The targeting molecule and radioimaging agent combination designed by Low’s group is more than 150 times smaller than the existing agent and can much more easily penetrate a solid tumor to reach all of the cells inside, he said.
Three patients currently have been treated in the clinical trial that will include around 25 patients. The trial should be complete in about a year, Low said.
Dr. Song-Chu Ko, in the Department of Radiation Oncology at the IU School of Medicine and a member of the IU Melvin and Bren Simon Cancer Center, leads the clinical trial. In addition to Gardner and Ko, the IU team also includes Noah Hahn of the Department of Hematology and Oncology, Peter Johnstone of the Department of Radiation Oncology, James Fletcher of the Department of Nuclear Medicine, Michael Koch of the Department of Urology and Gary Hutchins of the Department of Radiology.

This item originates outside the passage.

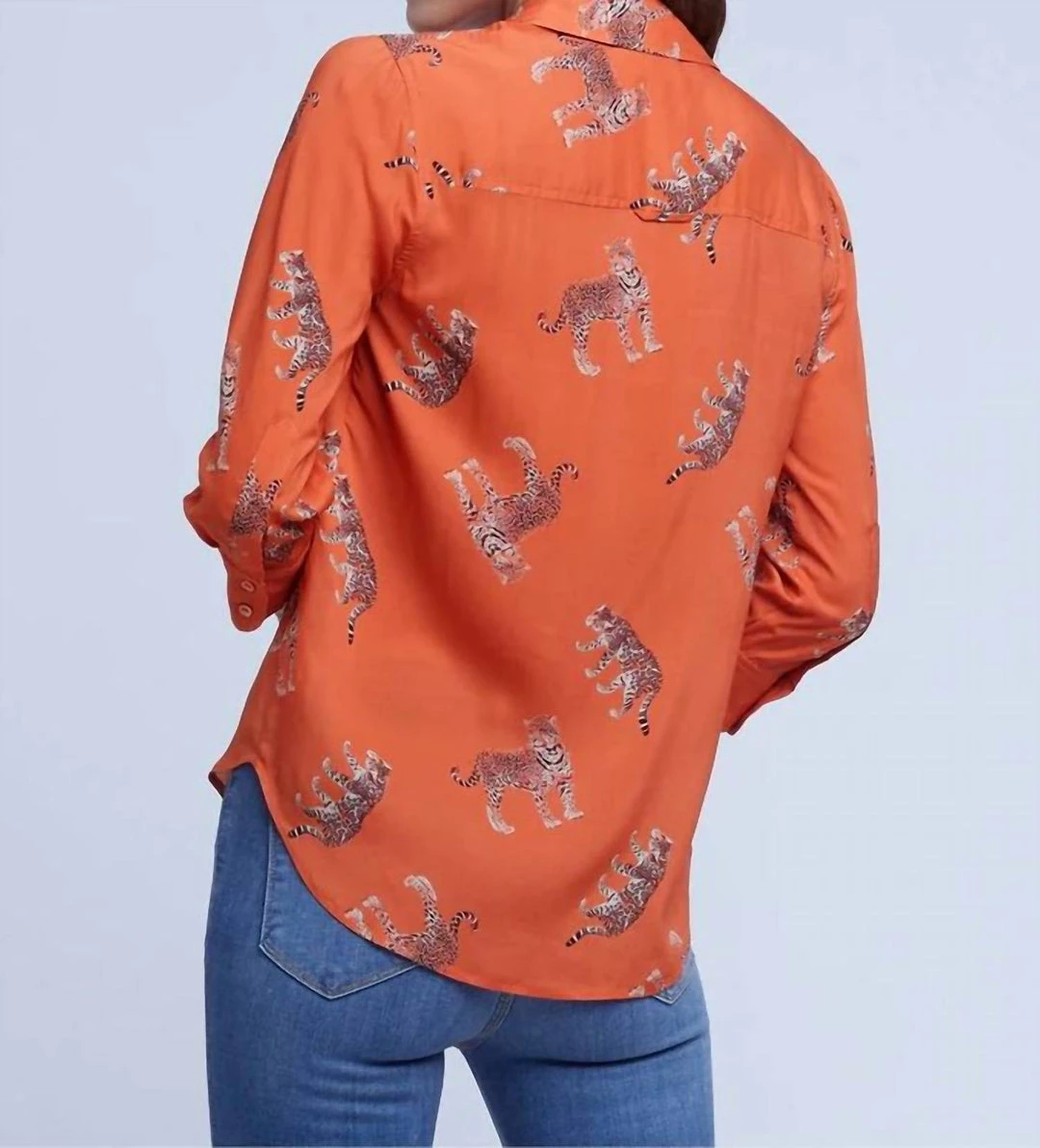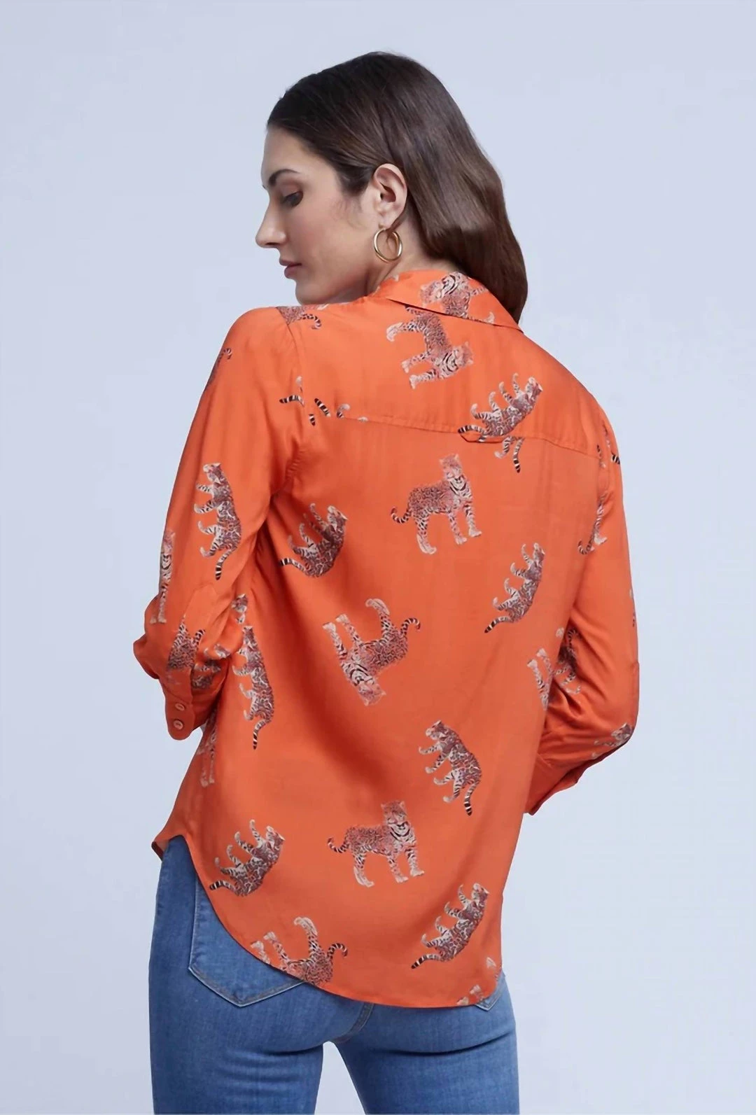 Viscose button up blouse with 3/4 sleeve and panther animal detail.

The clinical trial is funded by the Purdue Center for Cancer Research, IU’s radiation oncology and urology departments, and Endocyte Inc.
Low is the chief science officer for Endocyte Inc., a Purdue Research Park-based company that develops receptor-targeted therapeutics for the treatment of cancer and autoimmune diseases. Endocyte holds the license to many of Low’s drug-targeting technologies and recently purchased the rights to the prostate cancer targeting agent.